EXERCISE DESCRIPTION | The reply should consist solely of the lines from the one with "店内の商品全てがオリジナルの" through the final line of the listing, copied exactly, with no pictures.

INPUT DATA |
Start of Block

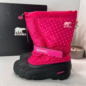 Sorel Flurry Print Adjustable Polka Dots Boots Fuchsia Fizz NC3503-650 Girl's 5
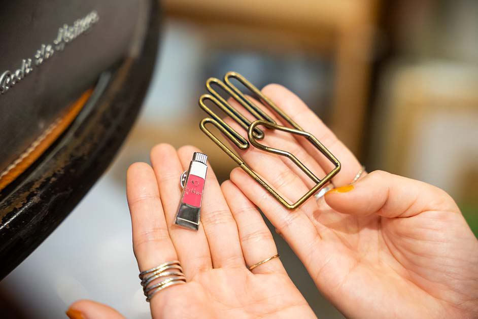店内の商品全てがオリジナルの月光荘。もちろん筆やパレットもこだわりの詰まった名品がそろいます。筆は銀座で職人が一本ずつ手作りしている貴重なもの。豚や馬などの毛を使ったコシの強い筆は、長く使っても絵の具に負けず崩れにくい仕上がりです。持ち手には天然の白木が使われているのだそう。パレットは最も色が正確に見えるとされている「猫柳色」のアルミ製。軽くて丈夫で絵の具が染み込まず、目も疲れにくいという優れもの。
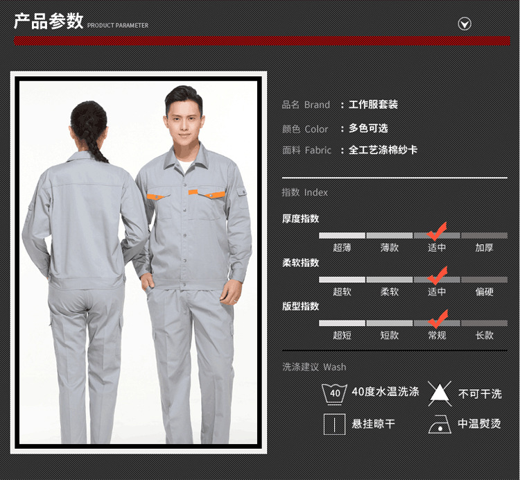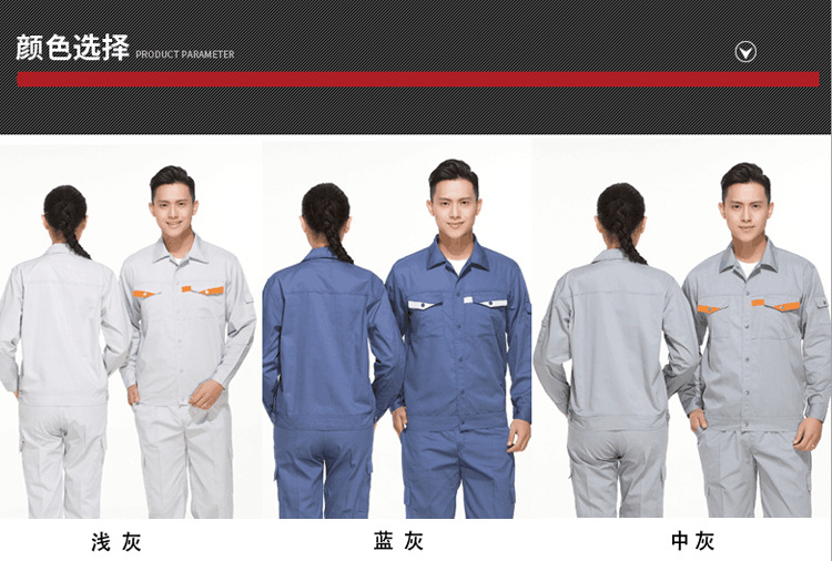 • 商品名称:君御JY-SL1402夏季全工艺涤棉薄款拼接长袖工作服套装灰色

End of Block

SOLUTION TO THIS EXERCISE |
店内の商品全てがオリジナルの月光荘。もちろん筆やパレットもこだわりの詰まった名品がそろいます。筆は銀座で職人が一本ずつ手作りしている貴重なもの。豚や馬などの毛を使ったコシの強い筆は、長く使っても絵の具に負けず崩れにくい仕上がりです。持ち手には天然の白木が使われているのだそう。パレットは最も色が正確に見えるとされている「猫柳色」のアルミ製。軽くて丈夫で絵の具が染み込まず、目も疲れにくいという優れもの。
 • 商品名称:君御JY-SL1402夏季全工艺涤棉薄款拼接长袖工作服套装灰色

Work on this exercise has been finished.